Property space projections (PC1 vs. PC2) for all structures from the simulations are shown in Fig. 4. The SM and TT simulations occupied much of the same space in this representation, with the majority of structures contributing to two peaks, representing N and I (Fig. 4). These states, as well as the TSs (Fig. 4, orange dots) and final structures (Fig. 4, green dots), are in the same respective regions in the SM and TT simulations, indicating similarity between the structures. Images of the 32 final structures from the unfolding TT simulation are provided in the property space projection in Fig. S3 to better visualize the space.
Fig. 4.
Property space distributions.
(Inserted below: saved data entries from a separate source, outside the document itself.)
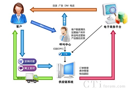 電子商務(wù)行業(yè)呼叫中心解決方案是集呼叫中心基礎(chǔ)設(shè)施和電子商務(wù)公司核心業(yè)務(wù)流程為一體的解決方案。系統(tǒng)提供了電子商務(wù)行業(yè)的全部核心業(yè)務(wù)流程,如360度的客服關(guān)系和客戶服務(wù),優(yōu)化的供應(yīng)鏈管理,全程自動(dòng)的物流跟蹤,高效的營銷工具。
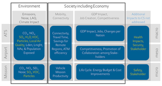 Figure 8 shows the overall framework and metrics of the Technology Evaluator assessments. A first overall assessment was performed in 2021 [11,20], followed by a second assessment in 2024 [1,2]. Figure 7 shows the assessment levels and associated topics. The assessment levels (mission, airport and ATS) are shown on the left. The vertical columns show the topics and associated metrics. Environmental impacts as well as socio-economic impacts have been evaluated, i.e., mobility, connectivity and macro-economic relating to aircraft fleet development. The metrics in yellow were not addressed in the Technology Evaluator during Clean Sky 2 and are possible candidates for further assessments in future projects.
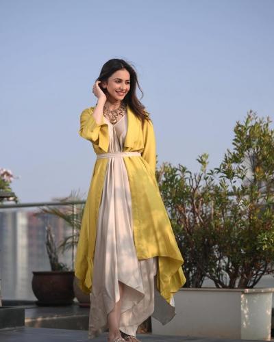 'तेरी जुल्फों की लहराती अंगडाईयाँ..' रकुल प्रीत सिंगचा इंडो-वेस्टर्न लूक
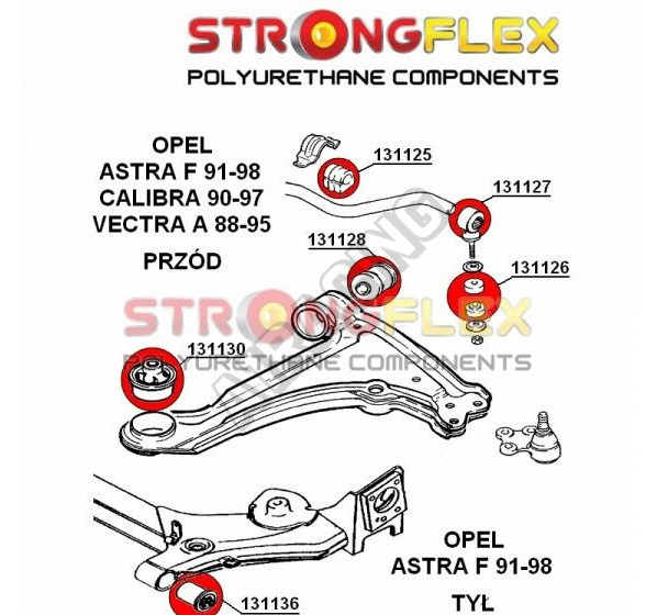Opel Astra F StrongFlex (tvrdost 80ShA) kompletní sestava silentbloků na celé auto obsahuje :
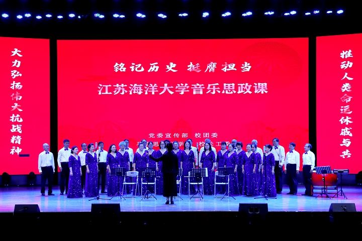 9月28日晚,在雄壮的国歌声中,校“铭记历史挺膺担当”音乐思政课在苍梧校区大礼堂拉开帷幕。离退休老教师与1300余名师生共上一堂音乐思政大课,让抗战历史和革命故事“声声入耳入心”。
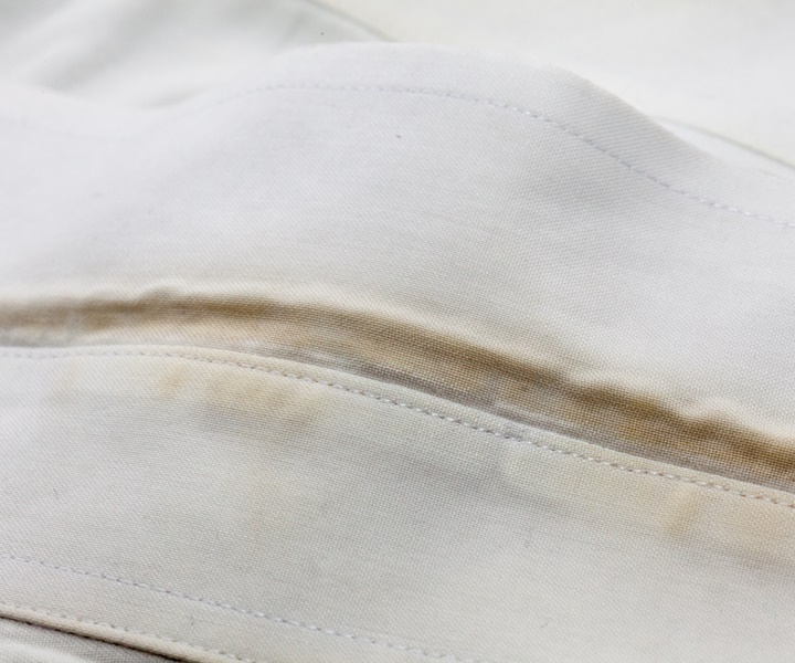 襟の黄ばみの原因の多くが人間の皮脂によるものです。特に夏は汗や紫外線の影響で汚れやすい季節です。襟周りは人間の肌(首・肩)と生地がこすれやすく、汚れが繊維の奥まで入るため、通常の洗濯だけではなかなか落とすことができません。さらに、汚れに含まれるタンパク質が空気に触れて酸化することで黄ばみに変化します。黄ばみをそのままにしておくと次第に濃くなることもあるため、日頃から丁寧なケアを心掛けましょう。
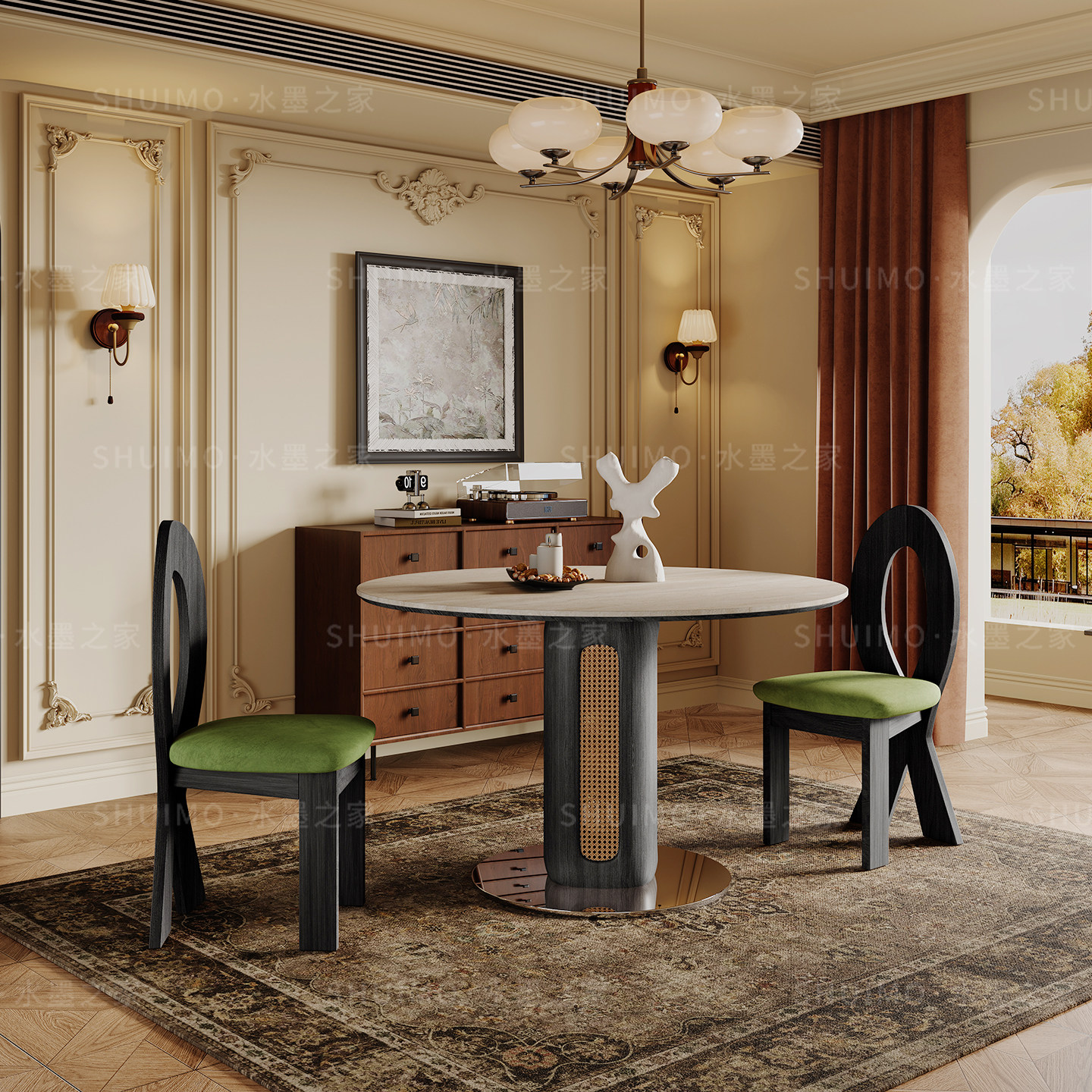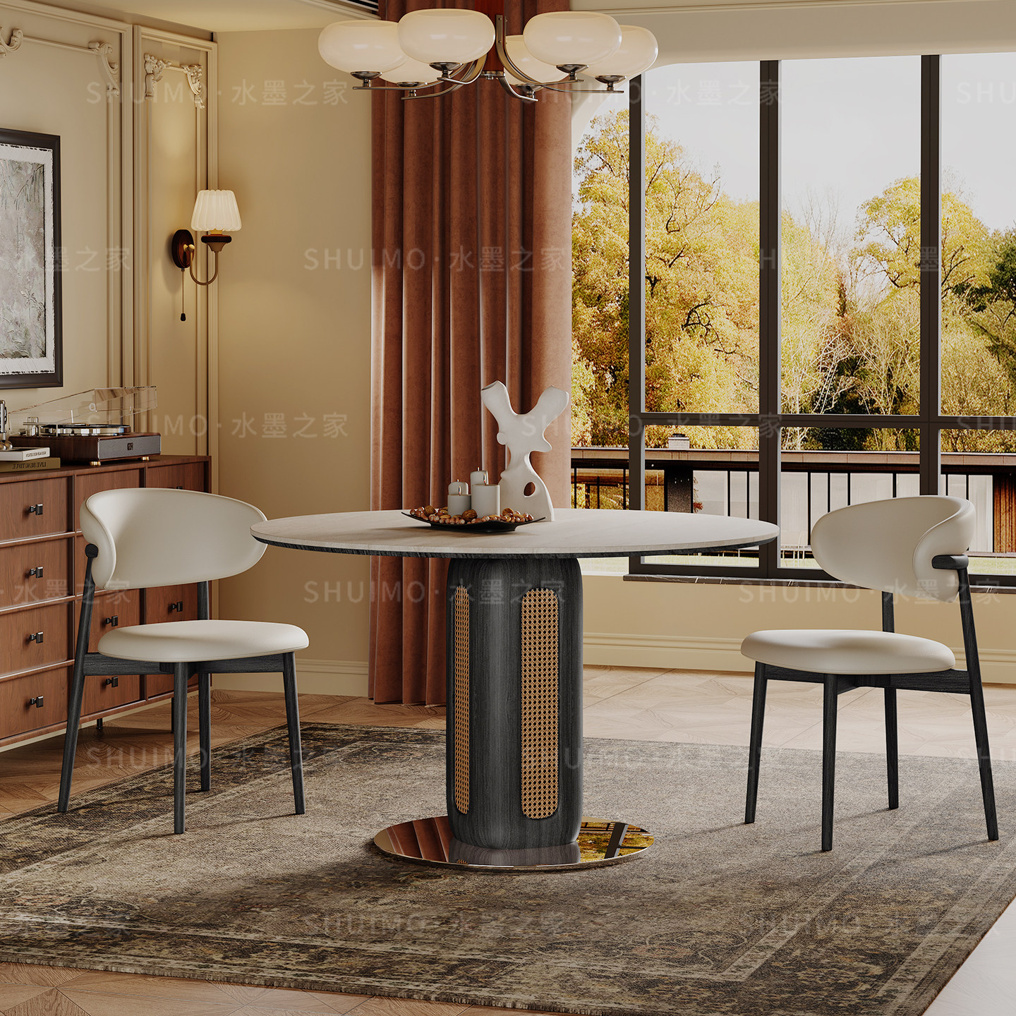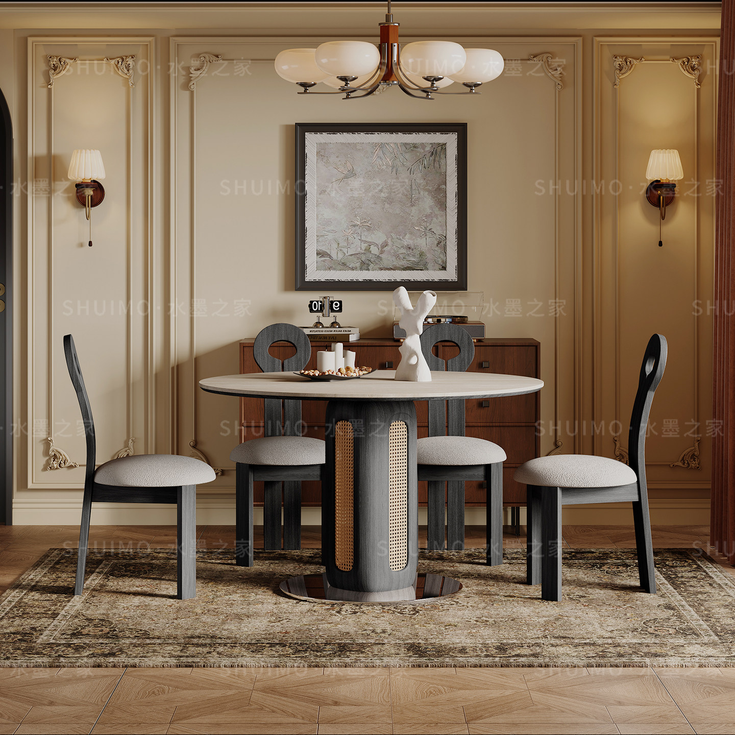 德利丰岩板洞石桌中古圆桌复古编藤腿圆形餐桌法式包豪斯实木饭桌
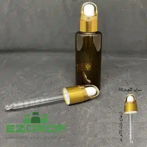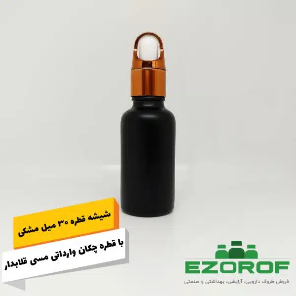 شیشه قطره ۳۰ میل مشکی دهانه ۱۸ با قطره چکان مسی قلابدار وارداتی
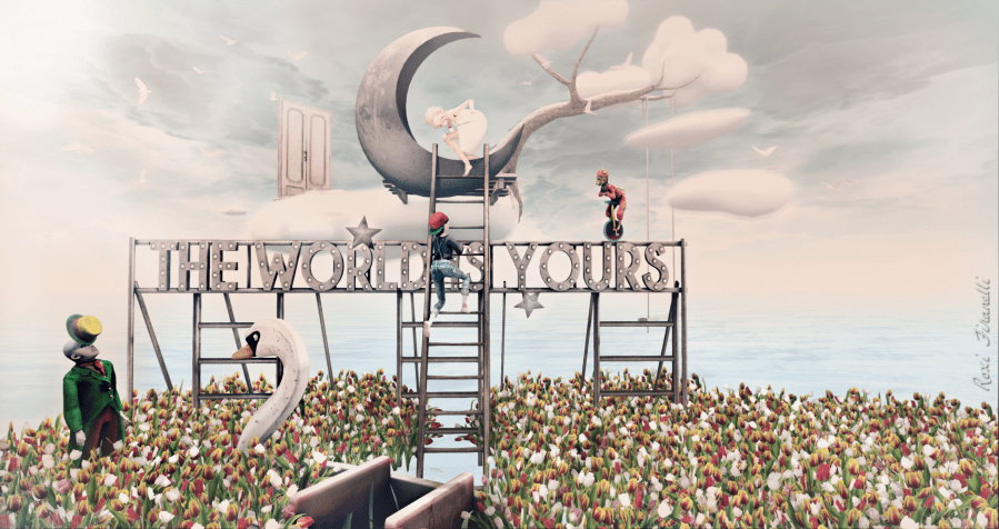 The Secret Affair is once again open…this round the theme is Imaginarium. So I’m looking at the totally whimsical ladder that by Nacht has at the event and I had to use it with the “The world is yours” sign that I had just bought at hive. I left it up to Darth after that to use his imagination…he did not disappoint. He has an amazing way of taking the vaguest idea and then pulling stuff out of his ass (i.e. = inventory). The poses, by the way, are mine…not the poses that are in the ladder. I liked the idea of not knowing whether he is following her up the ladder or if she is following him down…the monkey looks a bit confused about that also. Here’s Darth’s version … magical ❤
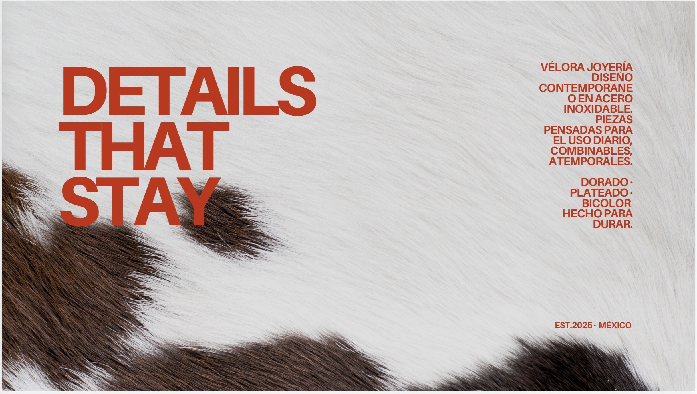YOUR SHINE. YOUR STORY. no sigas tendencias, créalas. Favoritos del momento Vista rápida Earcuff Lua $280.00 Color: Seleccionar Color Plateado Dorado Agregar al carrito Más sobre nuestra marca En Vélora Joyería, creemos que la elegancia está en ser tú misma.Creamos una selección de joyas contemporáneas que celebran la autenticidad y el estilo único de cada mujer — porque no hay una sola forma de brillar, hay una para cada mujer Vélora. Síguenos en las redes sociales Redes sociales Suscríbete Sé parte del universo Vélora.Inspírate, descubre y brilla con nosotras.Al suscribirte, recibirás novedades, lanzamientos exclusivos y consejos de estilo diseñados para acompañarte en cada momento. Nombre Apellido Correo electrónico Registrarse ¡Gracias!
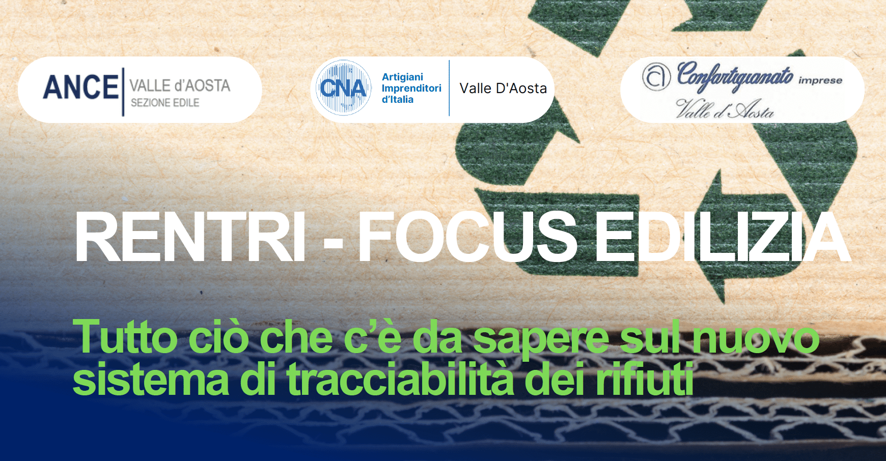 Martedì 11 febbraio a partire dalle ore 9 nel salone Maria Ida Viglino di Palazzo regionale, ad Aosta, CNA Valle d’Aosta, Confindustria Valle d’Aosta e Confartigianato Valle d’Aosta organizzano un corso gratuito sul RENTRI, il nuovo sistema di tracciamento digitale dei rifiuti, finalizzato all’attività delle imprese edili.
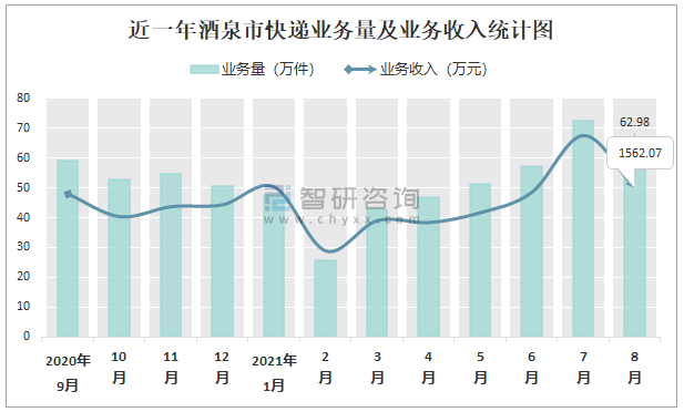 2021年8月酒泉市快遞業(yè)務量與業(yè)務收入分別為62.98萬件和1562.07萬元
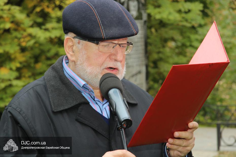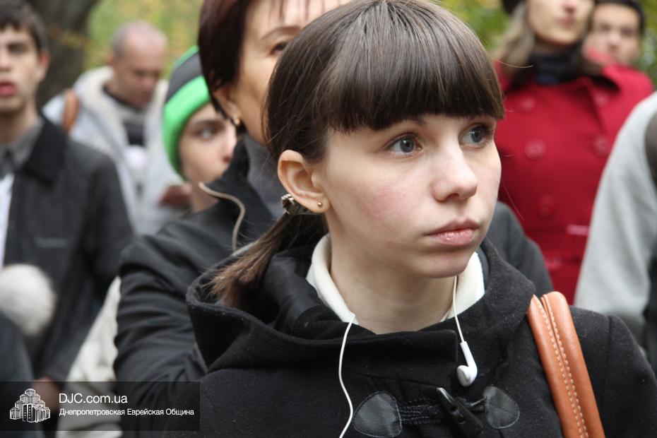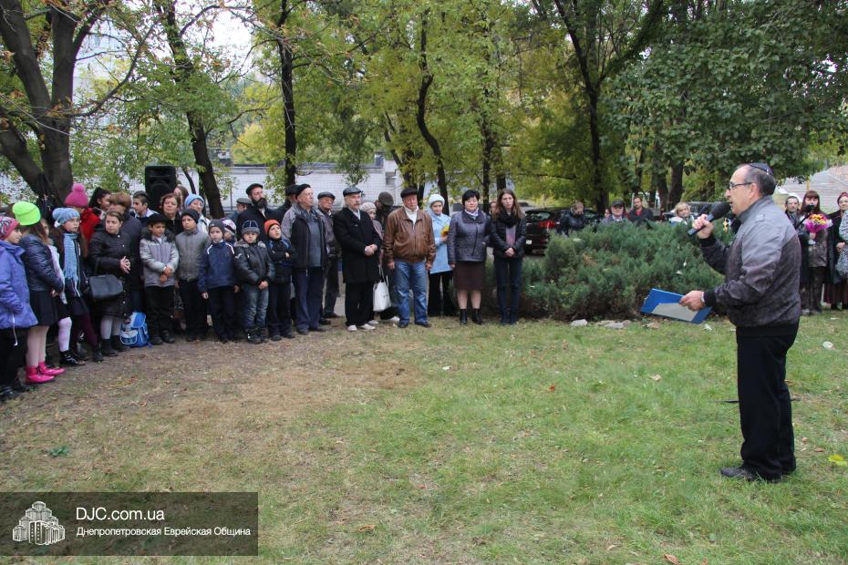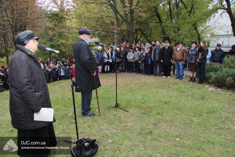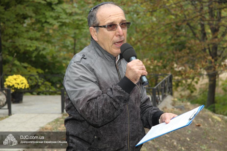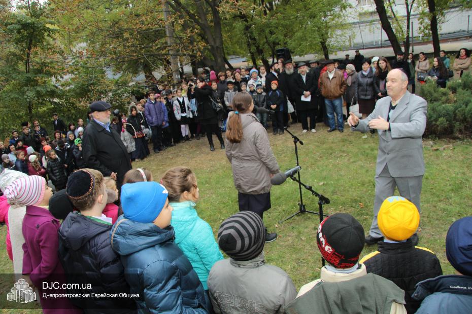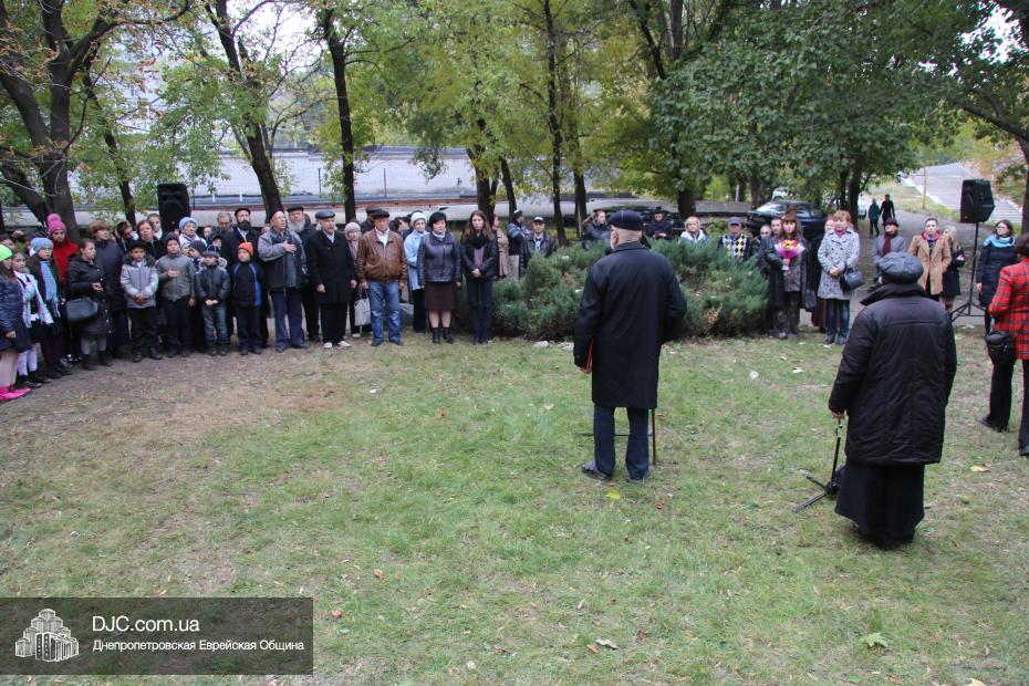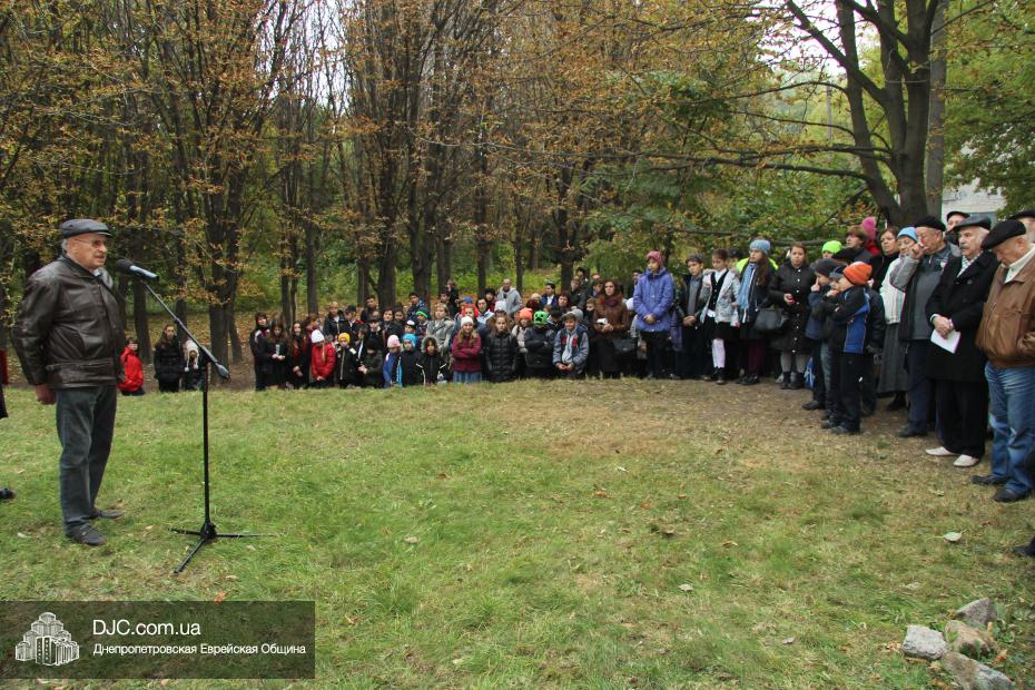 Митинг открылся исполнением государственных гимнов Украины и Израиля и молитвой за мир и прекращение кровопролития в этих странах. В этом году митинг вели совместно Алла Гельберг, заслуженный учитель, ветеран педагогического труда, много лет преподававшая историю в еврейской школе нашего города, и управляющий делами Днепропетровской общины Александр Фридкис, который напомнил собравшимся, что траурные церемонии в память 11-ти тысяч жертв массовых расстрелов евреев в днепропетровском Ботаническом саду, невзирая на запреты и преследования советского режима, стали проводиться благодаря пионерам еврейского возрождения Авигдору Рабкину, Боруху Цейтлину и Виктору Гукину. Затем эта традиция была продолжена лидерами нашей общины Григорием Натановичем Королем и Аркадием Леонидовичем Шмистом (да будет благословенна их память). С тех пор ежегодно, почти тридцать лет, евреи Днепропетровска проводят масштабные траурные мероприятия на месте, где были безвинно уничтожены их предки в 1941 году.
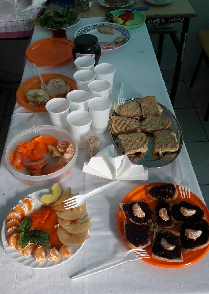 To był bardzo dobry pomysł, aby uczniowie działający w Eko – Komitecie pokazali swoim kolegom, w jaki sposób przygotować dania i napoje z wykorzystaniem sezonowych i lokalnych produktów. Wsród wykorzystywanych składników znalazły się warzywa, zioła, takie jak melisa, szałwia, rumianek hodowane przez uczniów w szkolnym ogrodzie. Dostepny był również miód ze szkolnej pasieki.

The distributions of structures in the first and second PCs of the 39-dimensional property space are plotted for simulations at 25 °C and 225 °C for the (A) SM (n = 81,672) and (B) TT (n = 720,000) systems. The 25 °C and 225 °C distributions were independently normalized to the bin with the maximum number of structures and plotted from white (i.e., 0) to black (i.e., 1). The crystal structure (red), TS structures (orange), structures from the L16A NMR ensemble (cyan), and final structures from the simulations (green) are also plotted in property space. Regions representing the N, TS, I, and D are noted. Images of several structures are shown to visualize the space. SM: crystal structure (1.51, 0.08); run 2 TS, 0.26 ns (0.35, −0.21); L16A NMR model 1 (−0.09, 0.23); run 2, 60 ns (−2.17, 0.96). TT: crystal structure (1.51, 0.08); molecule 24 TS, 0.435 ns (0.73, −0.26); molecule 24 I, 5.670 ns (−0.10, 0.07); molecule 24 final structure, 175 ns (−1.72, −0.76).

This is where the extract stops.